- **Work to be completed**: Your copy should begin with the line containing "Ακολούθως ο κ.", end with the line containing "On constate néanmoins", match the listing below exactly, and contain no pictures.

- **Records for this exercise**:
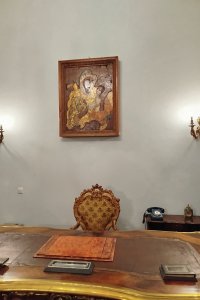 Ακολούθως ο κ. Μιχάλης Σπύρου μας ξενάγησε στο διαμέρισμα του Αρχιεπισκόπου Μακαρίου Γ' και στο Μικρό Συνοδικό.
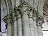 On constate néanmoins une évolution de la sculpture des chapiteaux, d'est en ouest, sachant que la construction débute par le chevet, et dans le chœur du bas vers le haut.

--

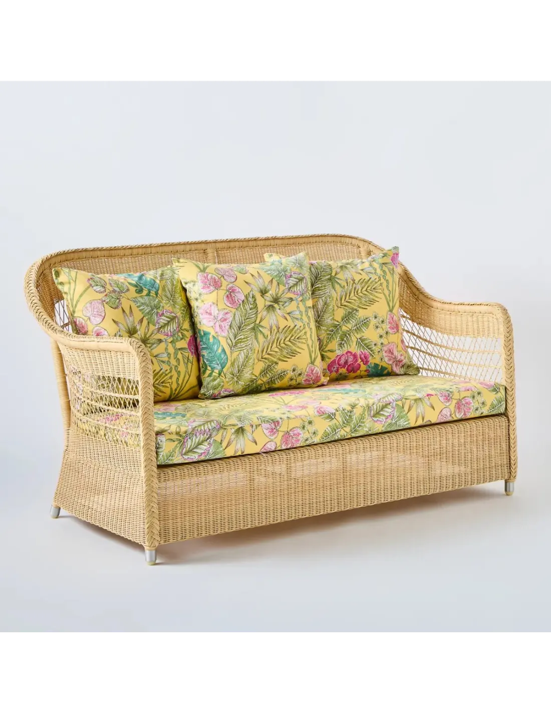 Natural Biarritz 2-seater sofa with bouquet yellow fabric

==

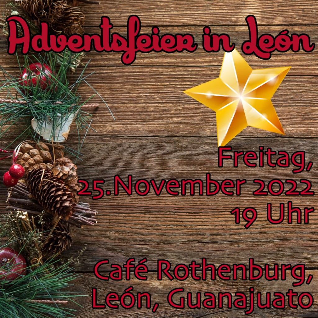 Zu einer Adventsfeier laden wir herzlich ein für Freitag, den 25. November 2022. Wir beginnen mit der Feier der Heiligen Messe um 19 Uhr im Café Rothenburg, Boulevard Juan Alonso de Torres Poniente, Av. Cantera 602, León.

- **Output**:
 Ακολούθως ο κ. Μιχάλης Σπύρου μας ξενάγησε στο διαμέρισμα του Αρχιεπισκόπου Μακαρίου Γ' και στο Μικρό Συνοδικό.
 On constate néanmoins une évolution de la sculpture des chapiteaux, d'est en ouest, sachant que la construction débute par le chevet, et dans le chœur du bas vers le haut.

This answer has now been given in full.